In fact, a closer look at the historical records show that the Panther\Tiger myth pre-dates Coopers book by several decades. Even if we assume that it didn't actually originate in the Second World War itself, it must have arisen very soon after. More importantly, the legend was echoed by authors with  higher academic standing than old man Cooper. In Janusz Piekalkiewicz' 1986 book, he states: "According to U.S. Army statistics, it cost five Shermans or some nine T-34s to destroy one Panther." [1] That pushs back the date established by POS by 12 years. In his 1975 book, Bruce Culver claims: ''An unofficial rule of thumb in the U.S. Army was that it took five Shermans to knock out a single Panther.'' [2] That pushs back the date by 23 years. But the real nail in the coffin is when you read the memoirs of Henry Giles, who firmly states that: “It took four of our Shermans to equal one of their Panthers and about eight to equal one of their Tigers.” [3] His book was published in 1965. Thats a full 33 years before Death Traps hit the book shelves. When taking that all into consideration, its becomes clear just how far off the mark POS and his conclusions are. The five to one legend wasn't something that Belton Cooper just pulled out of his ass sometime in the 90s: It was already a well established myth by that point.

Overclaiming by the 3rd and 4th armored

In order to disprove the notion that the Panther was superior to the Sherman, Priory of Sion proceeds to bring out his trump card: BRL memorandum No. 798. The sacred document held in reverence by all freeaboos and teaboos. This report summarises numerous tank engagements in the western front, from D-day all the way to VE day... To come to their conclusions, the BRL used after-action reports from the 3rd and 4th armored divisions. These were the most successful formations in the U.S. army, and were not really representative of the army as a whole. The 3rd AD entered into combat on July 9, while the 4th AD entered into combat on July 17. When the war was finished, and they turned in their unit diaries, researchers were startled at what they read. The 4th armored claimed to have made 847 tank kills, while the 3rd armored claimed to have made 1023 tank kills! That is a combined total of 1870 kills, a really incredible number that stretchs credibility to the utmost. Because the BRL memorandum is based on these kill claims, it is important to explore whether or not they are realistic. BRL memo no. 798 covers a period of August to December 1944. In the interest of fairness, we should assume that the 3rd and 4th armored scored only half their kills during this time frame.

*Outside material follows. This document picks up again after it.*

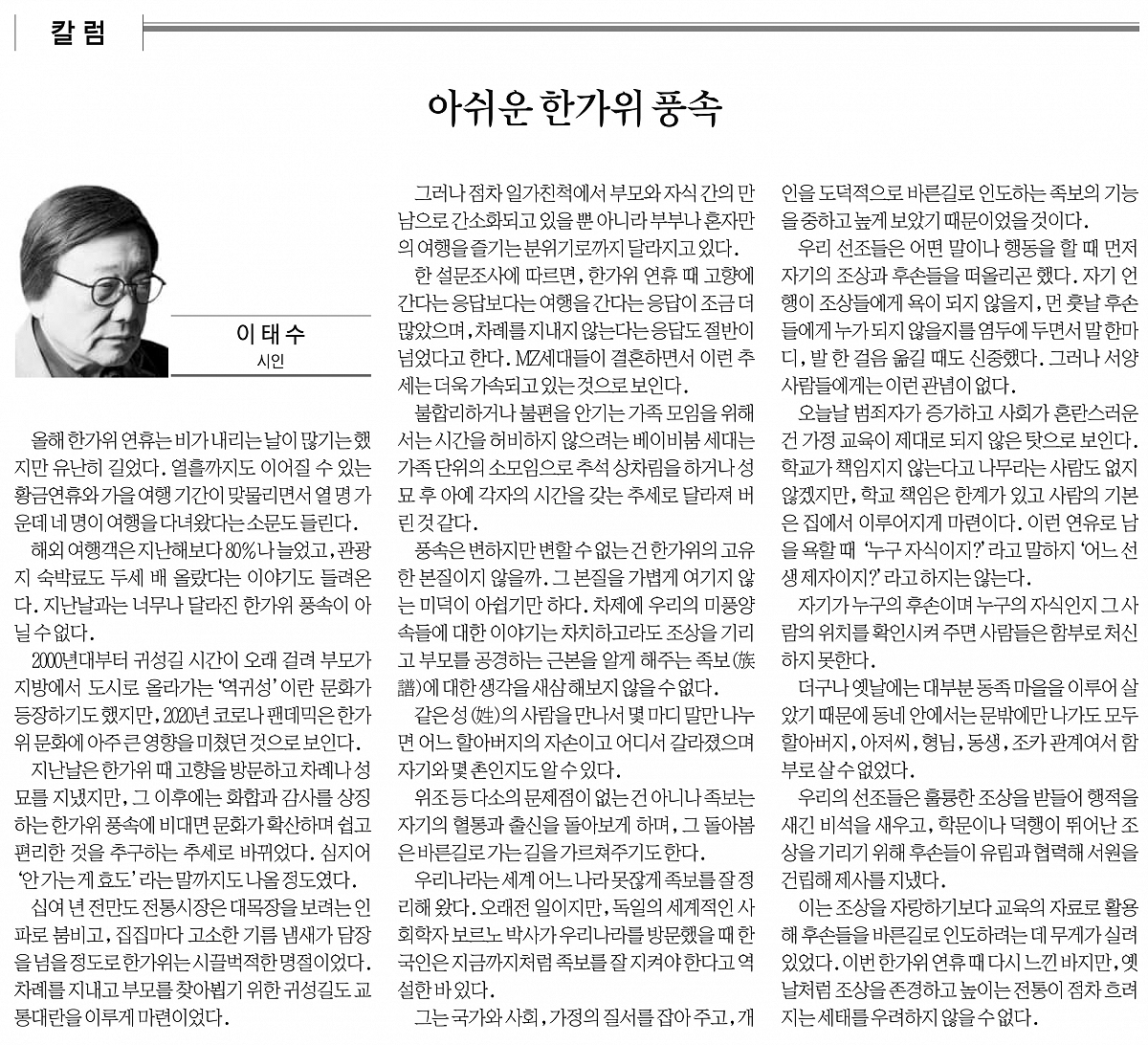 풍속은 변하지만 변할 수 없는 건 한가위의 고유한 본질이지 않을까. 그 본질을 가볍게 여기지 않는 미덕이 아쉽기만 하다. 차제에 우리의 미풍양속들에 대한 이야기는 차치하고라도 조상을 기리고 부모를 공경하는 근본을 알게 해주는 족보(族譜)에 대한 생각을 새삼 해보지 않을 수 없다.

But even with this generous assumption, the American claims still don't add up with the losses actually recorded by the Germans. They wrote off a total of 4973 AFVs on all fronts, a number that includes 2861 tanks. [4] Those are the losses that were sustained by dozens of panzer and panzergrenadier divisions that were fighting in four different theaters: The eastern front, the western front, the Italian front, and the Balkan front. If the BRL memorandum is correct, then it means that fully 18.8% of their AFV losses in that period (935 tanks) were from these two armored divisions! Thats completely absurd. And just to put things into even starker contrast, consider this. Many of the 4th armored divisions claims were made during the battle of Arracourt. They reported the destruction of at least 285 German tanks and SPGs during the battle. [5] But there is a glaring error with this claim... And that is because the Germans didn't even deploy that many tanks during the battle! They only fielded 262 tanks and SPGs at Arracourt, and of that number, only 86 of them were destroyed beyond repair (I.E., write offs). [6] This shows how idiotic it is to make conclusions based solely on unit diarys. Without further verification, they are completely unreliable and misleading. It is now clear that the U.S. army routinely overclaimed the number of tanks they destroyed.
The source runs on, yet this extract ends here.